* Exercise prompt *
Exactly and only the lines from the one with "Slim cuts into" through the end of the listing are to be transcribed, both ends included.

* Recorded data *
┄┄┄┄┄┄
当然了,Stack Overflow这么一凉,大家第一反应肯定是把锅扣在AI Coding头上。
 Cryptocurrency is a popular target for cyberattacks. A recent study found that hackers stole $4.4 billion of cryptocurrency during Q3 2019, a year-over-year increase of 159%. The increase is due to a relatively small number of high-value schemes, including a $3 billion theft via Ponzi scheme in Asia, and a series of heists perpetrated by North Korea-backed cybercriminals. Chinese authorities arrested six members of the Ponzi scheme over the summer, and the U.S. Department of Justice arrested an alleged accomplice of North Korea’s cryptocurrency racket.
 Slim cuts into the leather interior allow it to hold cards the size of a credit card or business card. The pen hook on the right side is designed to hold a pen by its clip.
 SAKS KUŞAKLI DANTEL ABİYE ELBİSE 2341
┄┄┄┄┄┄
* Answer section *
 Slim cuts into the leather interior allow it to hold cards the size of a credit card or business card. The pen hook on the right side is designed to hold a pen by its clip.
 SAKS KUŞAKLI DANTEL ABİYE ELBİSE 2341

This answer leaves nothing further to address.